── DATA FOR PROCESSING ──

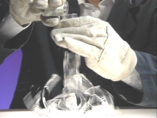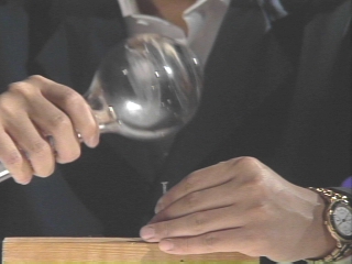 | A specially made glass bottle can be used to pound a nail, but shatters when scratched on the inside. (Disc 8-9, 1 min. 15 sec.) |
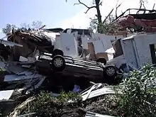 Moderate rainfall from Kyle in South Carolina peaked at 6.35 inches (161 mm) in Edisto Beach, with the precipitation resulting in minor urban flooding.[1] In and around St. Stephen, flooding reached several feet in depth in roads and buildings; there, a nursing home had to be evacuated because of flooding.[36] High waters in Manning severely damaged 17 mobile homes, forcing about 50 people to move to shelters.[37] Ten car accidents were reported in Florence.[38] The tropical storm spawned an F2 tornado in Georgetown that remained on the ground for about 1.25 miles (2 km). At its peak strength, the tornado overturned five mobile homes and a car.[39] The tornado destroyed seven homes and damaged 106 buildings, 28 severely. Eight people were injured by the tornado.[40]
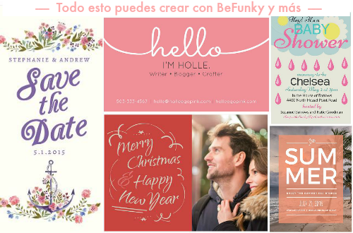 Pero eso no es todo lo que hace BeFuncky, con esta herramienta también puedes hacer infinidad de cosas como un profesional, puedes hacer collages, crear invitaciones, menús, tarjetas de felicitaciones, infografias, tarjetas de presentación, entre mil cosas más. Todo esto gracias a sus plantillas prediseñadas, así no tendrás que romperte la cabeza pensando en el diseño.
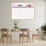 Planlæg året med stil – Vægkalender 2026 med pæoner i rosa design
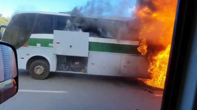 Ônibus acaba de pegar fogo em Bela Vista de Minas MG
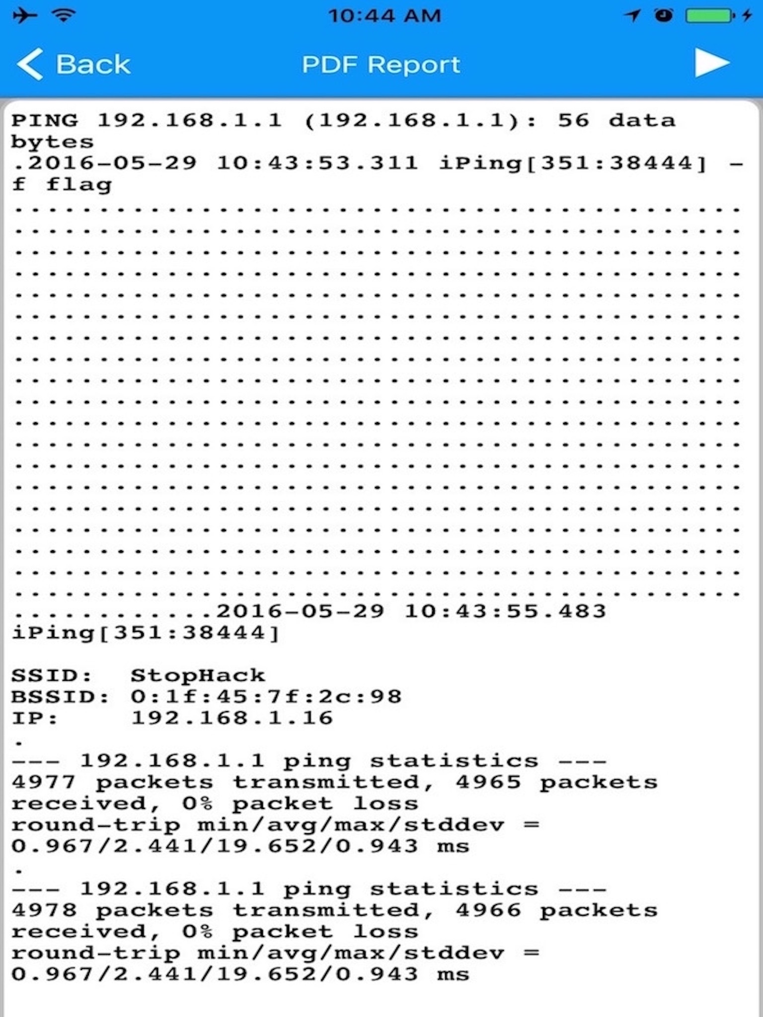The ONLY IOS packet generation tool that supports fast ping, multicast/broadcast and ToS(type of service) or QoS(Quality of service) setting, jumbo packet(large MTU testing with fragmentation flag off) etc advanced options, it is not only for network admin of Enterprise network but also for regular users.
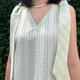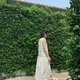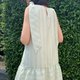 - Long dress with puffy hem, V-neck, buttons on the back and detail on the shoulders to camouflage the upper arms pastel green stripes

───

_TASK ITEM_. Output the entries exactly as they appear, with no pictures included.

_RESULT FOR THIS EXERCISE_.
 | A specially made glass bottle can be used to pound a nail, but shatters when scratched on the inside. (Disc 8-9, 1 min. 15 sec.) |
 Moderate rainfall from Kyle in South Carolina peaked at 6.35 inches (161 mm) in Edisto Beach, with the precipitation resulting in minor urban flooding.[1] In and around St. Stephen, flooding reached several feet in depth in roads and buildings; there, a nursing home had to be evacuated because of flooding.[36] High waters in Manning severely damaged 17 mobile homes, forcing about 50 people to move to shelters.[37] Ten car accidents were reported in Florence.[38] The tropical storm spawned an F2 tornado in Georgetown that remained on the ground for about 1.25 miles (2 km). At its peak strength, the tornado overturned five mobile homes and a car.[39] The tornado destroyed seven homes and damaged 106 buildings, 28 severely. Eight people were injured by the tornado.[40]
 Pero eso no es todo lo que hace BeFuncky, con esta herramienta también puedes hacer infinidad de cosas como un profesional, puedes hacer collages, crear invitaciones, menús, tarjetas de felicitaciones, infografias, tarjetas de presentación, entre mil cosas más. Todo esto gracias a sus plantillas prediseñadas, así no tendrás que romperte la cabeza pensando en el diseño.
 Planlæg året med stil – Vægkalender 2026 med pæoner i rosa design
 Ônibus acaba de pegar fogo em Bela Vista de Minas MG
The ONLY IOS packet generation tool that supports fast ping, multicast/broadcast and ToS(type of service) or QoS(Quality of service) setting, jumbo packet(large MTU testing with fragmentation flag off) etc advanced options, it is not only for network admin of Enterprise network but also for regular users.
 - Long dress with puffy hem, V-neck, buttons on the back and detail on the shoulders to camouflage the upper arms pastel green stripes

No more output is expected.